DATA BELOW:
○ ○ ○
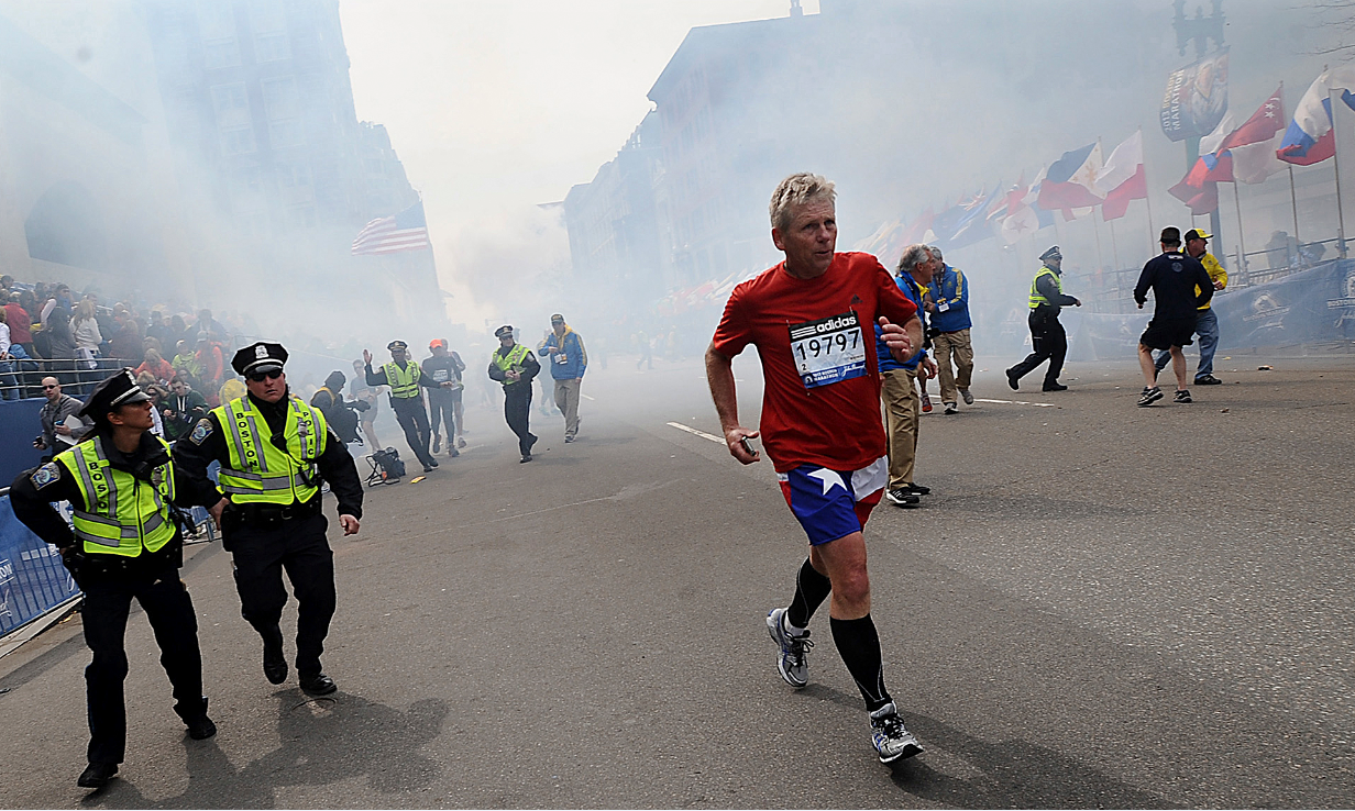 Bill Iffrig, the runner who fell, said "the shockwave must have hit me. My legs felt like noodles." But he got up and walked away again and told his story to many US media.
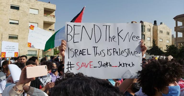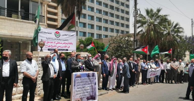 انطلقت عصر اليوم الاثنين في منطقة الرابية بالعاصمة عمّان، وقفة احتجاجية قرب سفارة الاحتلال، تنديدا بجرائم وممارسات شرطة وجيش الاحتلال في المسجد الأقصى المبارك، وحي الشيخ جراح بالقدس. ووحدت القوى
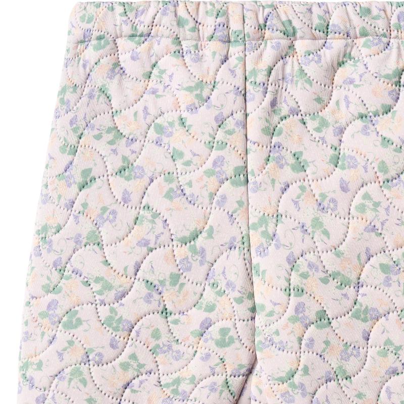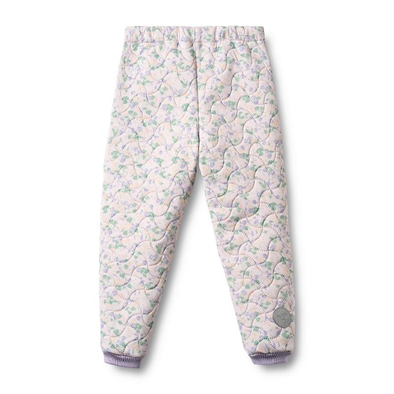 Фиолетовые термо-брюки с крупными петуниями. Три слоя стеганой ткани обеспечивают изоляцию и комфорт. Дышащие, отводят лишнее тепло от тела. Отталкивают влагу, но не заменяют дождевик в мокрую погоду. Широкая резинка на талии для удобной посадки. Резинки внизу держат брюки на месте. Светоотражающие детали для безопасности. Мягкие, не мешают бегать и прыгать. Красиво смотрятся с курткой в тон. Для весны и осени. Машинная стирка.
○ ○ ○
EXERCISE DIRECTIONS: Quote exactly the lines from the line that contains "انطلقت عصر اليوم" through the last line of the listing, please, leaving out all pictures.

REPLY TO THE EXERCISE:
 انطلقت عصر اليوم الاثنين في منطقة الرابية بالعاصمة عمّان، وقفة احتجاجية قرب سفارة الاحتلال، تنديدا بجرائم وممارسات شرطة وجيش الاحتلال في المسجد الأقصى المبارك، وحي الشيخ جراح بالقدس. ووحدت القوى
 Фиолетовые термо-брюки с крупными петуниями. Три слоя стеганой ткани обеспечивают изоляцию и комфорт. Дышащие, отводят лишнее тепло от тела. Отталкивают влагу, но не заменяют дождевик в мокрую погоду. Широкая резинка на талии для удобной посадки. Резинки внизу держат брюки на месте. Светоотражающие детали для безопасности. Мягкие, не мешают бегать и прыгать. Красиво смотрятся с курткой в тон. Для весны и осени. Машинная стирка.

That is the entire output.